BY TAL AXELROD
The two Republicans, both close allies of President Trump, noted the bill follows a decision from a federal judge in California Monday that reinstated a ban on implementing a new policy that would curtail migrants’ ability to apply for asylum at the southern border. An appeals court on Wednesday narrowed that injunction to just Arizona and California, the two border states within its jurisdiction, allowing the administration to apply the rule in New Mexico and Texas.
“Our laws need to be vigorously vetted through the courts, but it makes zero sense for the legality of a nationwide law to rest entirely on the opinion of one judge, or one district court,” said Meadows. “Current law inadvertently empowers detrimental judicial activism, and it needs to change. This is a common-sense reform that returns our system of checks and balances where it was intended to be.”
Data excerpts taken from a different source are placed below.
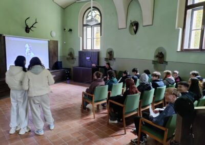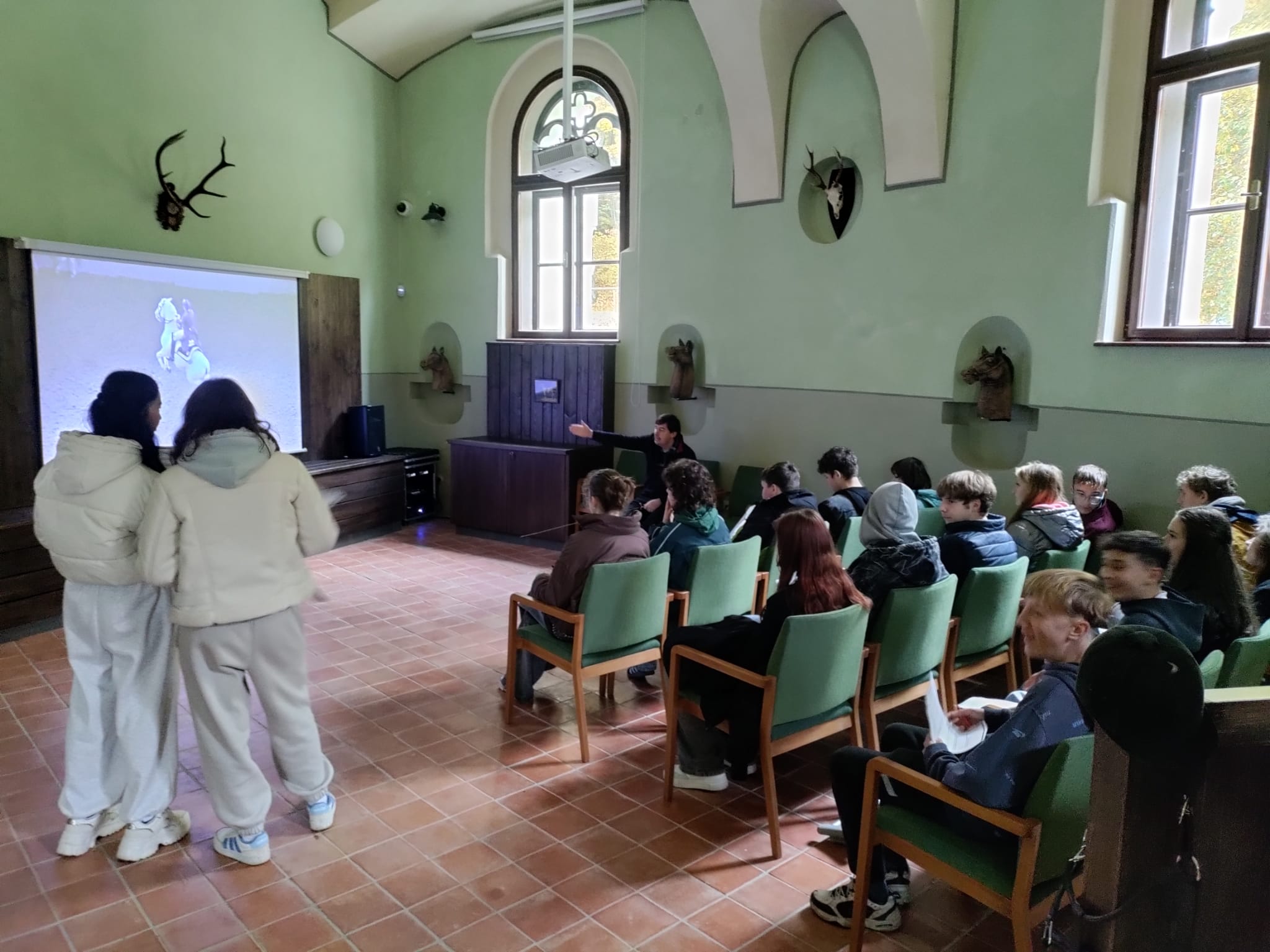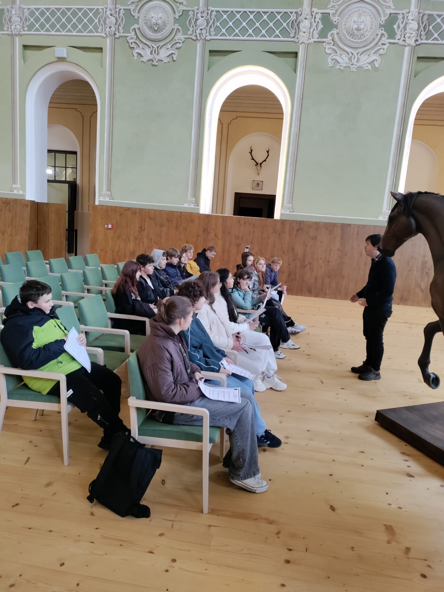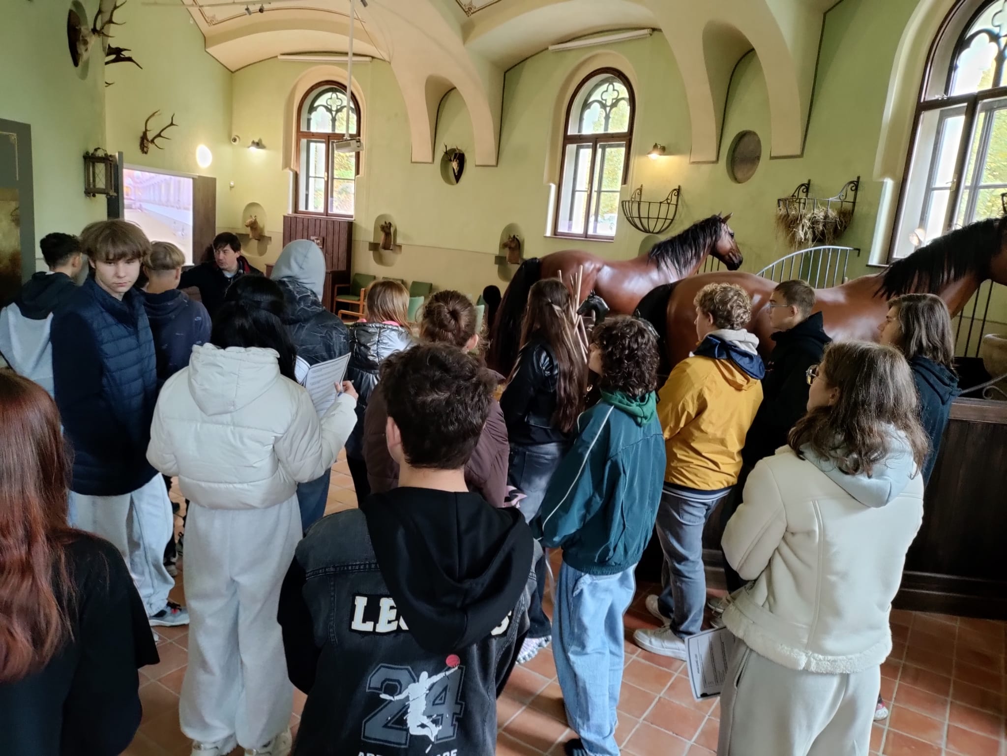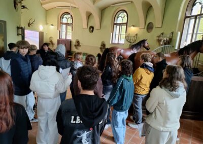 Žáci 9. ročníku v pátek 17. 10. 2025 v rámci výuky dějepisu navštívili prohlídkový okruh národní kulturní památky Jízdárny Světce. Kromě prohlídky hlavního sálu, ubytovacích místnosti, stájí nebo půdy si žáci mohli vyzkoušet i práci v kovárně či poznávání bylin
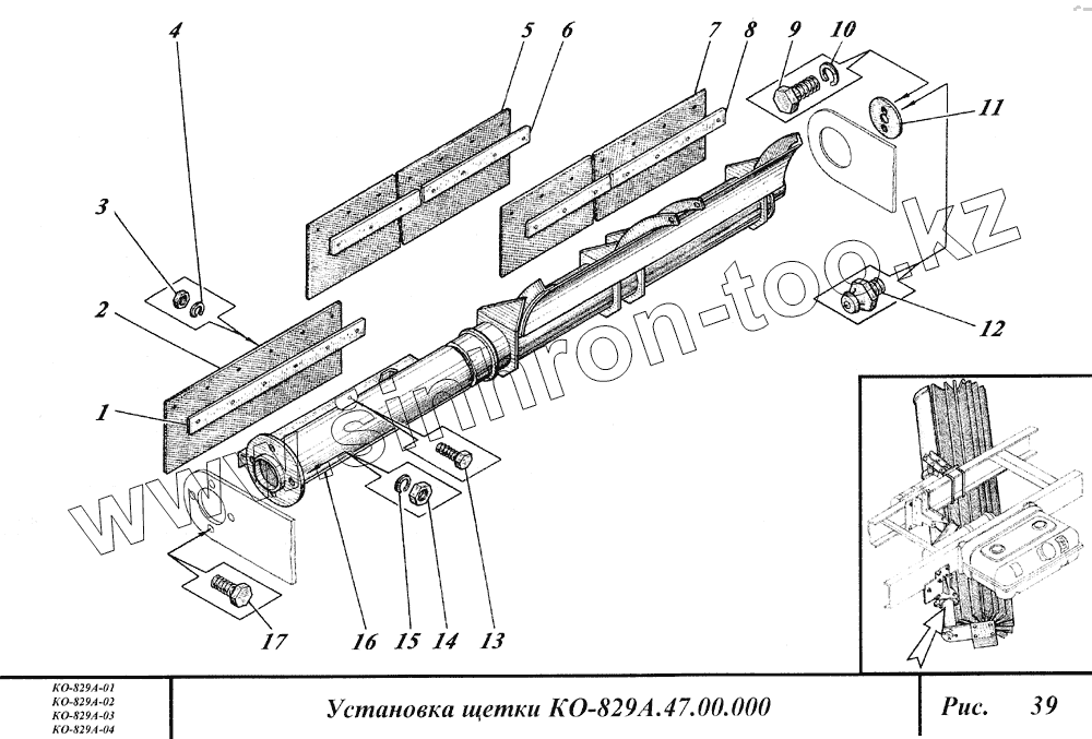 Каталог запасных частей к технике: Коммаш КО-829А. Установка щетки
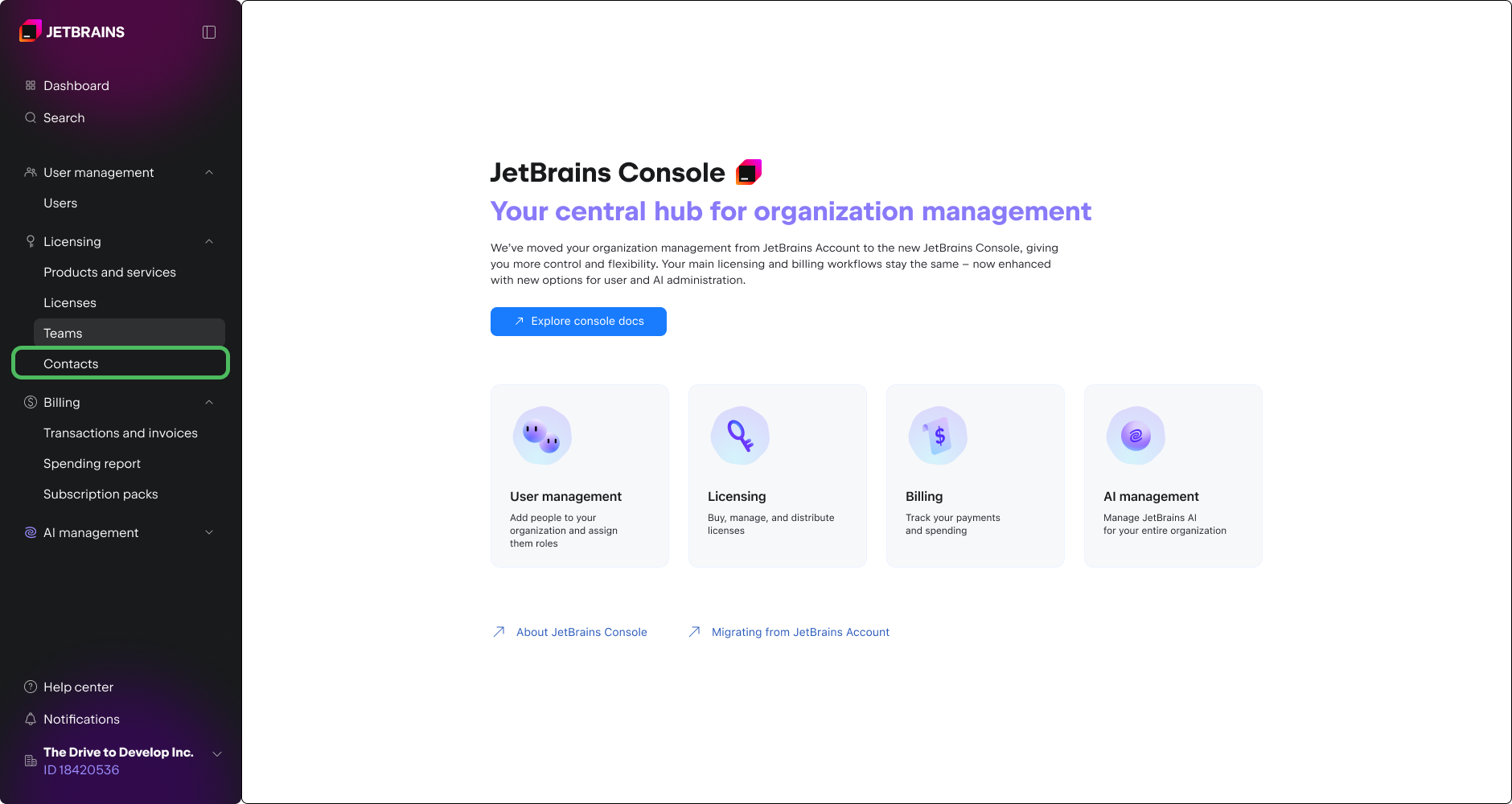 Contacts added to JetBrains Console receive notifications about the organization's JetBrains products and licenses. Depending on the role, they may also have access to certain account areas. To learn more about contact roles, see Contacts.
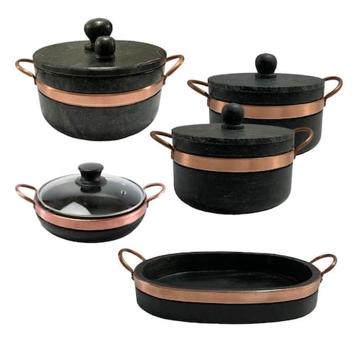 Jogo De Panelas Pedra Sabão 05 Peças - 1 Pressão 4 Litros, 2 Caçarola 3 Litros, Frigideira 20 Cm E Assadeira Grande Transforme Sua Cozinha com o Autêntico Jogo de Panelas de Pedra Sabão!Descubra o segredo das gerações para cozinhar de forma saudável, eficiente e cheia de sabor. Nosso exclusivo Jogo de Panelas de Pedra Sabão é meticulosamente esculpido à mão por artesãos locais, combinando tradição milenar com design moderno. Cada peça é única, feita para realçar os sabores naturais dos seus alimentos e garantir uma experiência culinária sem ção de Calor Superior: Cozinhe em uma temperatura constante por mais tempo, economizando energia e mantendo os alimentos aquecidos na mesa.Versatilidade: Ideal para assar, grelhar, cozinhar ou simplesmente servir, nossas panelas são seguras para usar no forno, fogão e churrasqueira.Cozinha Saudável: Minimiza a necessidade de óleo ou gordura, promovendo uma alimentação mais saudável sem sacrificar o sabor.Durabilidade: A pedra sabão é conhecida por sua resistência e durabilidade, garantindo que seu investimento dure geraçõácil de Limpar: Com tratamento natural antiaderente, a limpeza é simples e rápida. O Que Está Incluído:- 01 Panela de pressão 4 litros- 02 Panelas de Pedra 3 litros;- 01 Assadeira / Lasanheira de Pedra Grande;- 01 Frigideira 20 cm
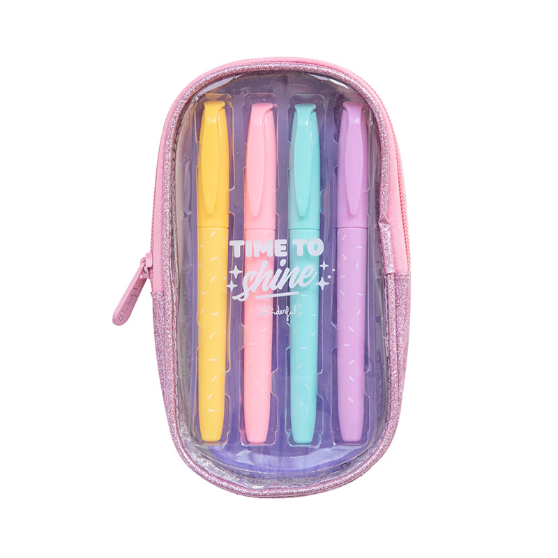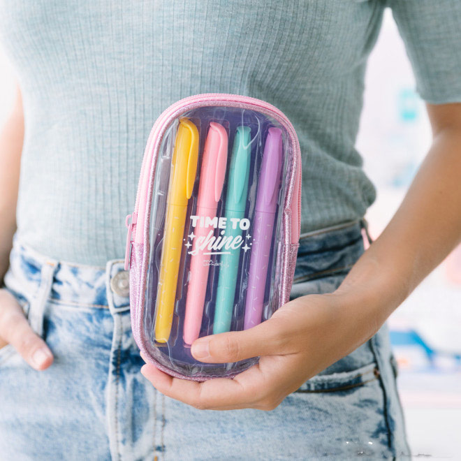 “Si hay algo que tenemos muy pero que muy claro en Tienda Manada es que ¡ha llegado la hora de brillar! It’s time to shine! De brillar como solo tú sabes, de deslumbrar a todos con tus ideas y con tu maravillosa sonrisa. ¿Estás preparado? Pues nosotros también. Y, entre las muchas ideas que se nos han ocurrido para lograrlo, está este set de subrayadores en unos bonitos tonos pastel. Por si fuera poco, vienen guardaditos y recogiditos en un precioso estuche transparente con el mensaje en inglés con el que empezábamos este texto
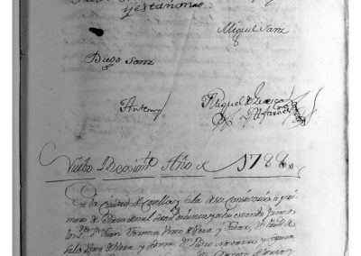En la Ciudad de Corella y Sala de su Consistorio a 1 de Enero del año 1788, estando juntos, los señores D. Juan Fermín Virto de Vera y Tabar, D. Francisco de Sales Virto de Vera y Sesma, D. Pedro Navarro y Segura, Miguel Catalán y Lázaro, D. Benito Alonso y Navarro y D. Miguel Sanz y González, Alcalde y Regidores de esta Ciudad, yo, el escribano infrascrito, doy fe, les notifiqué e hice saber la Real Provisión que manda que las Justicias, den cuenta al señor Alcalde más antiguo de la Real Corte de este Reino, de los homicidios y delitos graves, que aquella contiene, la cual se halla en el principio de este libro, también la ley 62, de las últimas Cortes celebradas los años 1765 y 1766, sobre tasa de jornaleros, peones y oficiales; Así bien la ordenanza que trata sobre nombramiento de Priores y Mayorales. Así bien la ley de las últimas Cortes, celebradas en la ciudad de Pamplona, los años de 1780 y 1781, que trata sobre que, a fin de año, se haga por los del Gobierno de cada Pueblo, visita de escribanía, sus protocolos e inventarios; Y así bien les hice saber el Rolde de pleitos antecedente y providencias en él contenidas, para que de todo ello les conste y dijeron se dan por notificados, no firmaron por no ser costumbre, y en fe de ello, firmo yo el Escribano. Miguel de Guesca y Alfaro.
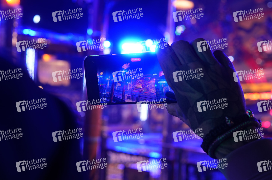 Smartphone-Foto auf dem Weihnachtsmarkt 'Lichtenberger Winterzeit' an der Landsberger Allee im Berliner Bezirk Lichtenberg. Berlin, 03.11.2024
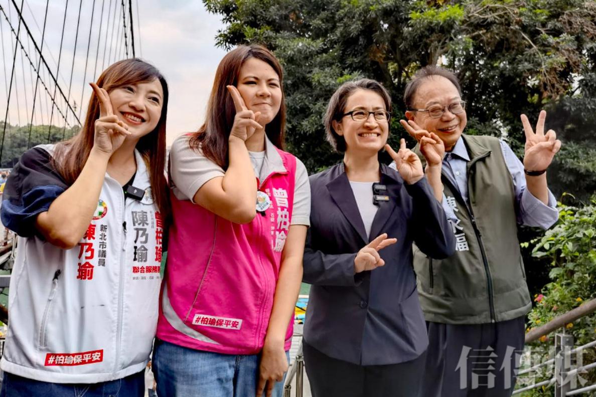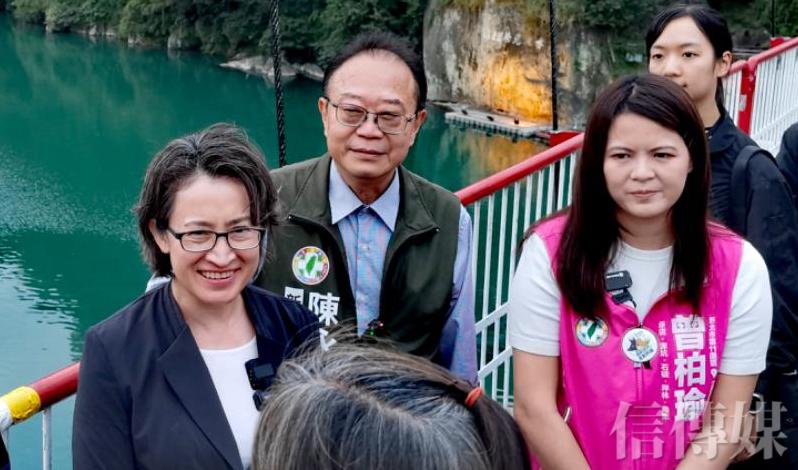 蕭美琴今日前往新店參訪碧潭吊橋,為曾柏瑜站台輔選,隨行的還有同黨籍市議員陳乃瑜和陳永福。一行人在曾柏瑜的帶領下,參觀吊橋並介紹碧潭的文史事蹟,現場還有熱心在地群眾介紹碧潭曾經的渡口,與後來闢為觀光景點後的愛情故事,分享新店人共同的青春記憶。
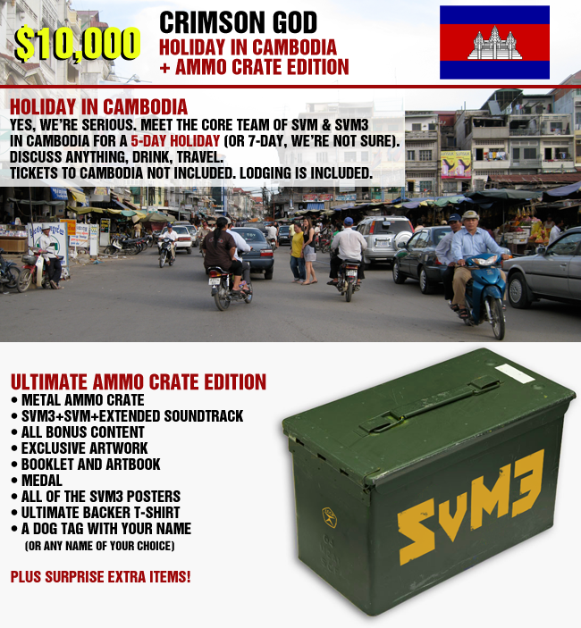 HOLIDAY IN CAMBODIA.Yes, we’re serious. Meet the core team of SvM & SvM3 in Cambodia for a 5-day holiday. Discuss anything, drink, travel. Tickets to Cambodia not included. Lodging is included. • ULTIMATE AMMO CRATE EDITION. Metal ammo crate, SvM3+SvM+Extended Soundtrack+Bonus Content. Exclusive artwork. Booklet and artbook. An ORDER. All of the SvM3 posters. Exclusive ultimate backer t-shirt. A DOG TAG with your name (or any name of your choice). Plus surprise extra items.
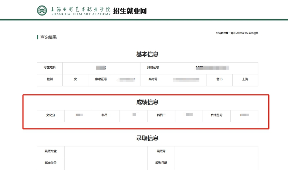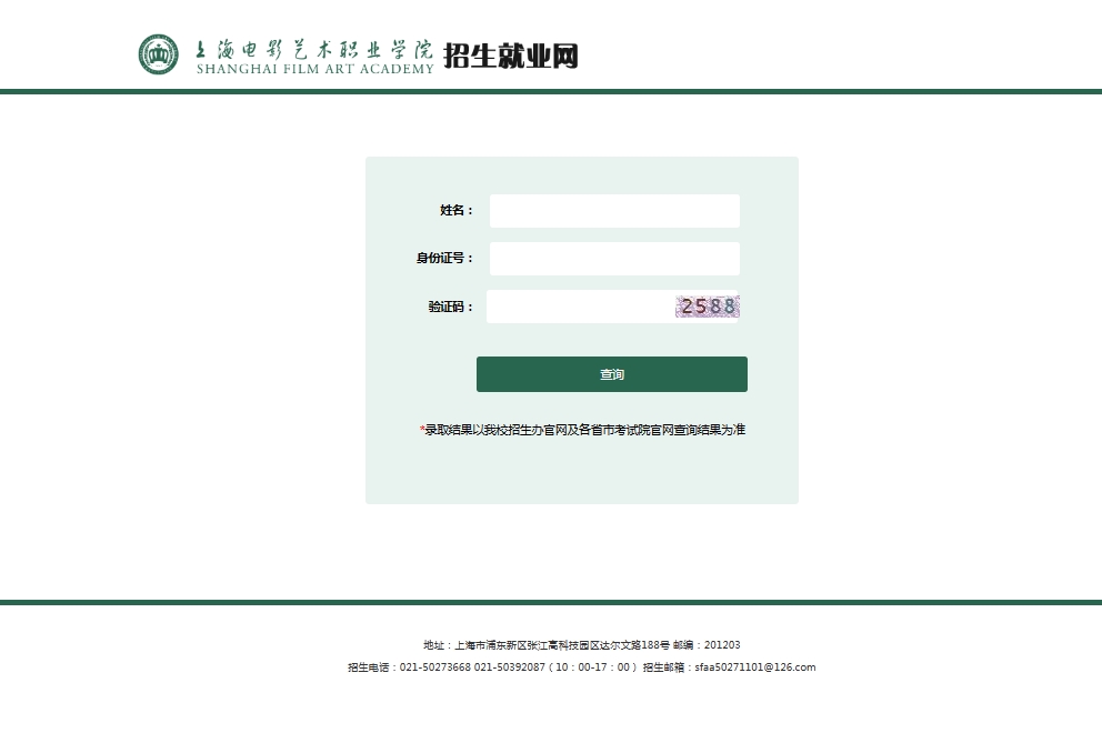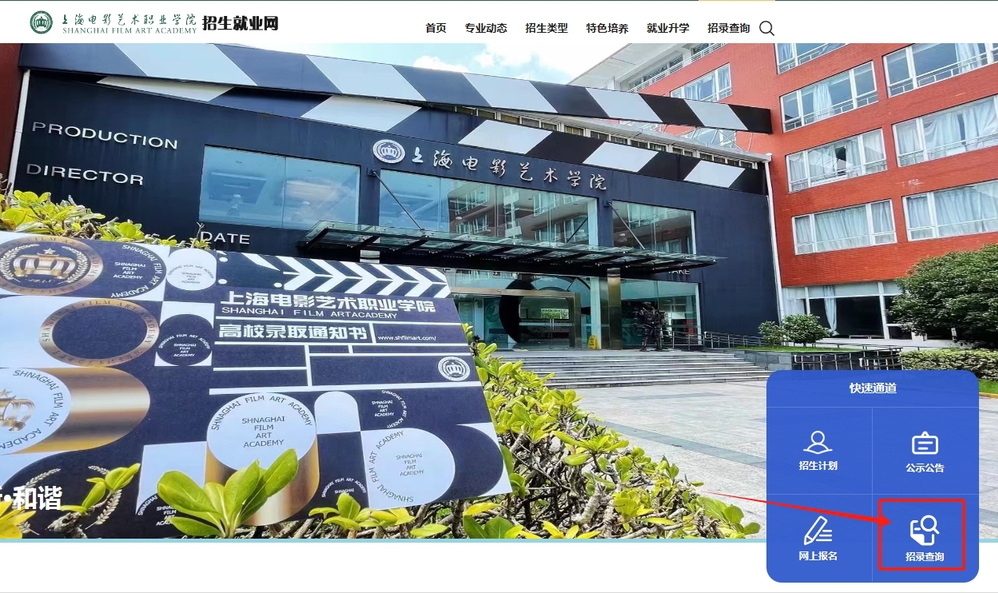 进入网站招生就业网 (shfilmart.com),点击【招录查询】,
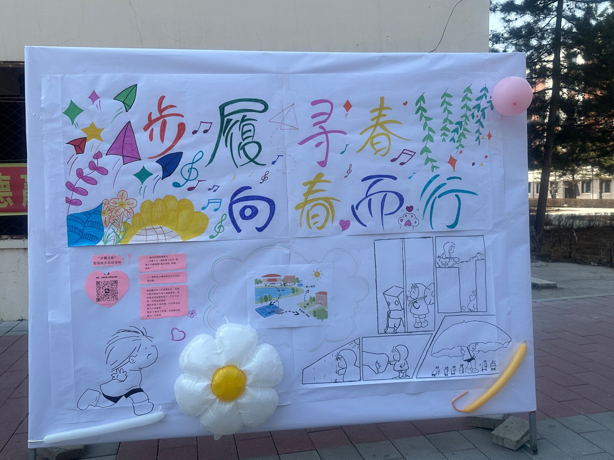 徒步过程中,师生们相互交流,分享着自己对春天的感悟和生活中的点滴趣事。老师们不仅为同学们解答了心理健康方面的疑问,还给予了他们很多鼓励和支持,让同学们感受到了学校的关怀与温暖。同学们也相互鼓励,携手前行,展现出了团结友爱的精神风貌。经过近两个小时的徒步,同学们陆续到达终点,完成了寻春活动。大家在终点处合影留念,记录下这一美好的时刻。
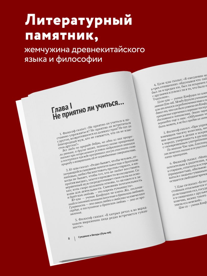 «Суждения и беседы» Конфуция — главная книга конфуцианства и, пожалуй, магистральный философский трактат всей китайской культуры. Многие века этот текст считался обязательным для заучивания в классическом образовании. Кроме того, это величайший литературный памятник, жемчужина древнекитайского языка и философии. Он знакомит читателя с мыслями одного из величайших учителей древности — Конфуция — чьи уроки стойкости, благородства и житейской мудрости не теряют актуальности по сей день.

“Policy decisions ought to be made by elected representatives accountable to the American people, not activist judges with lifetime appointments. In the past few years, we’ve seen an explosion of activist forum shopping and nationwide injunctions to thwart the administration’s priorities and grind government to a halt,” added Cotton.
The separation of powers doctrine has gone out of favor with these so called constitutional conservatives, (poseurs) of the far right. They would prefer to have government by Trump’s cult of personality.
Of course this bill is going nowhere in the Democratically controlled house, so this is just posturing for Trump’s perpetually angry base. Posturing over policy is the Republican way.